Torsten Slok discusses the ongoing “phase” differences between the FOMC and the ECB. The debate is over each’s expanded balance sheet, and the impact each has on “holding down permanently the level of 10-year Treasury yields and the level of 10-year bunds” (emphasis mine).
The so-called stock effect of QE is to remove government bonds from the market, artificially pushing interest rates permanently lower. Advocates of the stock argument claim the end of QE is a non-event, as interest rates will remain low, stock prices high, and credit spreads tight.
I disagree with this for numerous reasons, most prominently because I do not believe rates will be permanently kept low by the methodology of QE; we know its artificial, and that suggests to me that it is temporary. Once the artifice is removed, markets will (however gradual) reassert themselves, finding a more natural rate level.
I also find with Slok’s explanation compelling:
“First, long rates are not only driven by QE. US and European rates are also driven by forward guidance.

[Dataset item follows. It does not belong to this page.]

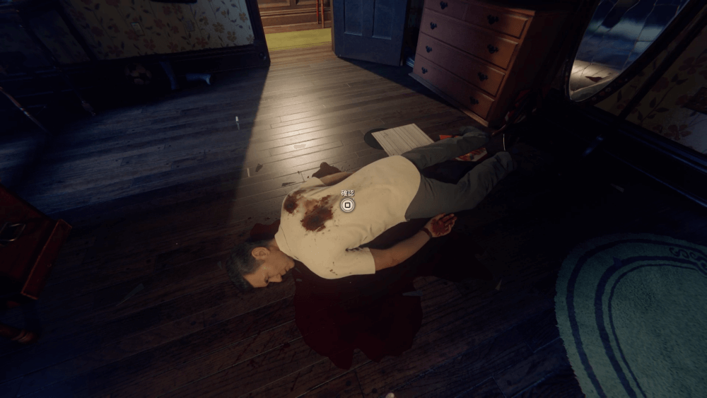 暗号を入力すると文書が表示され、閉じると幼少期の記憶に切り替わる。クローゼットから出て、父親の死体を確認しよう。

And the ECB will in 2018Q2 begin to recognize the strength of the European data and the need to exit. As ECB forward guidance begins to signal that QE and negative interest rates are going away, investors will begin to trade European core rates higher. Put differently, do you think 10-year bund rates, which currently are 30bps, will also be 30bps when we come to the end of 2018 when the ECB is no longer doing QE? We think it will be 1% because markets will begin to price that negative interest rates are also going away.
Second, the stock argument does not take into account how the cash that ECB QE injects into the economy is used. As the ECB carries out QE a real money manager in Europe sells their German bunds to the ECB and gets cash in return, currently 60bn euros per months. The money manager now turns around and invests that 60bn in other assets such as US IG and HY. As the ECB in 2018 slows their purchases to 30bn and ultimately to zero there will be much less demand from foreigners for US IG and HY. In other words, the stock argument is flawed because it only looks at the impact on government bond markets and it ignores the flow effect on the other markets where the QE money is ultimately spent. In plain English, as the ECB slows and ultimately ends QE in 2018 the amount of cash flowing to risky assets such as credit and equities will slow down and ultimately dry up altogether. And for this to be a smooth exit new issuance and refinancings of credit needs to slow in sync, which seems highly unlikely to happen at the same time, see the second chart.
The bottom line is that changing ECB forward guidance is likely to raise bund rates in 2018, and the significant slowdown in flows from Europe into US credit markets is likely in 2018 to widen credit spreads in US IG and HY, even if the US economic data continues to be good.
In light of Europe’s gradual economic improvement, these interesting and important monetary policy changes bear watching.